Inverted Duty Structure (IDS):

  • Inverted duty structure is a situation where import duty on finished goods is low compared to the import duty on raw materials that are used in the production of such finished goods.

Key concerns:

  • Chinese/other imports have swamped India’s small- and medium-sized enterprises and large manufacturing companies, raising the import-intensity of manufacturing as well as dampening job growth by raising capital intensity.
  • The goods and services tax (GST), especially the IGST or Integrated GST component, has begun to erode the advantage that the IDS was giving to foreign exporters in Indian markets.
  • Customs duties have been raised on capital goods and electronics, and silica for use in manufacture of telecom grade optical fibre.
  • These have been among the sectors adversely impacted by the IDS in the past 10 years or so.

Advantage for China:

  • India’s policy structure failed to utilise its labour advantage to grow labour-intensive manufacturing exports.
  • As a result, while China reduced the absolute numbers and percentage of the poor in the population by absorbing surplus labour in manufacturing, India’s poverty reduction was much slower.
  • While China’s agricultural and rural income growth was much higher as it sustained consumer demand, it also generated industrial jobs much faster.
  • While India grew construction jobs very fast since 2000, all the way to 2011-12, manufacturing output and employment growth left much to be desired.
  • Moreover, analysis shows that between 2004-05 and 2011-12, but much more between 2011-12 and 2015-16, the growth of manufacturing jobs not only first slowed after 2011-12 but also became negative.

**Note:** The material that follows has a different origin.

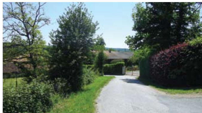
Village de la Mazière

2 Dans le bosquet, tourner à gauche et revenir au point de départ par le chemin emprunté à l'aller.

Fall in agricultural jobs:

  • The share of the workforce in agriculture has been falling steadily, from 60% in 1999-2000 to 49% in 2011-12.
  • But the fall has slowed sharply after 2011-12, when the pace of non-agricultural job growth slowed along with GDP growth.
  • Since 2012, the numbers leaving agriculture over 2011-12 to 2015-16 fell to 1 million per year, as non-agriculture jobs grew slowly since 2011-12.
  • It appears that as GDP growth slowed after 2011-12, youth who had benefited significantly from jobs in manufacturing have suffered disproportionately.
  • This dropped precipitously to 10.8%, just as the share of all employment in manufacturing fell, between 2011-12 and 2015-16.
  • The only sector with a significant increase in labour absorption, especially the young, has been services, where employment rose from 36 million in 2011-12 to nearly 52 million in 2015-16 for them, and for all labour from 127 million to 141 million.

Way ahead:

  • The resolution of the twin balance sheet problems together with the Insolvency and Bankruptcy Code, should now pave way for new manufacturing investment.
  • Policy must attempt to close the loop between rising demand and supply through consumer demand, which the Budget attempts through its agriculture and rural infrastructure focus.
  • More manufacturing policy initiatives, such as an early announcement of an Industrial Policy by the Department of Industrial Policy and Promotion, must be sustained over 2018.